FDA authorizes Pfizer pill to treat COVID-19
In clinical trials, Pfizer's antiviral drug reduced the risk of hospitalization or death by 89%.
Pfizer COVID-19 pills have now been authorized by the US Food and Drug Administration to treat COVID-19 patients. The FDA made the decision to give emergency use authorization to Paxlovid on Wednesday.
"Today's authorization introduces the first treatment for COVID-19 that is in the form of a pill that is taken orally — a major step forward in the fight against this global pandemic," said Patrizia Cavazzoni, director of the FDA's Center for Drug Evaluation and Research, in a release.
Pfizer asked for FDA approval for its therapeutic pill a month ago, saying it reduces the risk of hospitalization or death by 89% if given to COVID-19 patients within three days of symptoms appearing, and 88% if administered within five days.

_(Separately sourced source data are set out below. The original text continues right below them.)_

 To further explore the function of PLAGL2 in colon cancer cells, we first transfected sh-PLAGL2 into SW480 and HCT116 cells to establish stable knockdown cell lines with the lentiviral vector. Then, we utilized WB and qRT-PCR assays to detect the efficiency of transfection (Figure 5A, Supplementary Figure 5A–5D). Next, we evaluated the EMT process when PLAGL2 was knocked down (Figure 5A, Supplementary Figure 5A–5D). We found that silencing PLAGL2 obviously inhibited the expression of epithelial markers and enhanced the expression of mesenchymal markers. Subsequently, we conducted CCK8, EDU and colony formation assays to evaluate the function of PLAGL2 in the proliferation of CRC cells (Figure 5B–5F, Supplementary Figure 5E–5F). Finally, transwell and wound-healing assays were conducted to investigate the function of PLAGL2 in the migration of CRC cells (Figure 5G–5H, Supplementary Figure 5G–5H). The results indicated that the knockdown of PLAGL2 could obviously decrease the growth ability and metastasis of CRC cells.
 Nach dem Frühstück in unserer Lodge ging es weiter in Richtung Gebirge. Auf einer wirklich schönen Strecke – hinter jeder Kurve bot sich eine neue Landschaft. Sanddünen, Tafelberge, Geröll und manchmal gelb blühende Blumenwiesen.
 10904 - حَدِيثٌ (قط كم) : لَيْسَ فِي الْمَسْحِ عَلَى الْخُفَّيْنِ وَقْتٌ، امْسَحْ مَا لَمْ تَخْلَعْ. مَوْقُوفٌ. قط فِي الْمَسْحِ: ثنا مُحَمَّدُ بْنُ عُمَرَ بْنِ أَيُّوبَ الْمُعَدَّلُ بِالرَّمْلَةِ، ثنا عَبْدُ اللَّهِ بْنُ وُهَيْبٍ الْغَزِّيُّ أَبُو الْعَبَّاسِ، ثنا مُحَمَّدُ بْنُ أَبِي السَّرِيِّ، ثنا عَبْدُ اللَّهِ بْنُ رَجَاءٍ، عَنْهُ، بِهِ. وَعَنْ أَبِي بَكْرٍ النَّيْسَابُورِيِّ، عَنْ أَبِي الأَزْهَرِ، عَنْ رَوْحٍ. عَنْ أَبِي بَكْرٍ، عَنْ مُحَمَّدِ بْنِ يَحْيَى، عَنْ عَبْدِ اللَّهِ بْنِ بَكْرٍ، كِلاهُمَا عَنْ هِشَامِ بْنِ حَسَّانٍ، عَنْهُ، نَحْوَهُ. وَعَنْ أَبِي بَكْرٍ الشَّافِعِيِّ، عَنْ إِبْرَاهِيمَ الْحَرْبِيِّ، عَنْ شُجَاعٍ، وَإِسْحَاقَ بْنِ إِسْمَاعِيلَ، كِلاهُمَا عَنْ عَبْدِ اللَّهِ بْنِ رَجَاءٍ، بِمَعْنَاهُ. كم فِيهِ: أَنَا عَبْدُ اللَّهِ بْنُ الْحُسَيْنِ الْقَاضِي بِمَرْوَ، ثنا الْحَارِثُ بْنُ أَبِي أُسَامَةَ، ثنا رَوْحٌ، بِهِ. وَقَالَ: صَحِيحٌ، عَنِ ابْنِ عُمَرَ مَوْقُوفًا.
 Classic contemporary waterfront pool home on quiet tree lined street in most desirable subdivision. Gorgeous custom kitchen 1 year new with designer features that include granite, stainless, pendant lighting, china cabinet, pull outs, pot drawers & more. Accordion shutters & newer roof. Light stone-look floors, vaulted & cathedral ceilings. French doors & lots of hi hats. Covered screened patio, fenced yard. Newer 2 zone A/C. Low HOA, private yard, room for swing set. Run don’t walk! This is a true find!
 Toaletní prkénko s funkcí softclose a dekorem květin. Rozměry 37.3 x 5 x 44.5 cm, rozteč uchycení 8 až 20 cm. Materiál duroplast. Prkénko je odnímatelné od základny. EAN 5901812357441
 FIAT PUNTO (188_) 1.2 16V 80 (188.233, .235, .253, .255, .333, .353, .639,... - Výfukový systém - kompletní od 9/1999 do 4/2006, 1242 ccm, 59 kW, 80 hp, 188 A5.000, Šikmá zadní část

Paxlovid, which is available by prescription only, has been authorized to treat "mild-to-moderate coronavirus disease" in adults and pediatric patients 12 and older who have tested positive for COVID-19, said the FDA. Paxlovid consists of three tablets that are taken together twice daily for five days, for a total of 30 tablets.
The FDA noted that Paxlovid isn't a substitute for getting vaccinated against COVID-19 and isn't authorized for pre- or post-exposure prevention.
The Pfizer authorization follows an FDA advisory panel narrowly voting to support Merck's antiviral COVID-19 drug at the end of November, though Merck's has only 30% effectiveness in preventing hospitalization and death.
Both Pfizer and Merck have agreed to share their pill formulas with lower-income countries that have limited access to COVID-19 vaccines, in an effort to stem the tide of serious illness and death.
Pfizer's is the only vaccine that has full approval from the FDA, rather than the emergency use authorization that the Moderna and Johnson & Johnson vaccines have.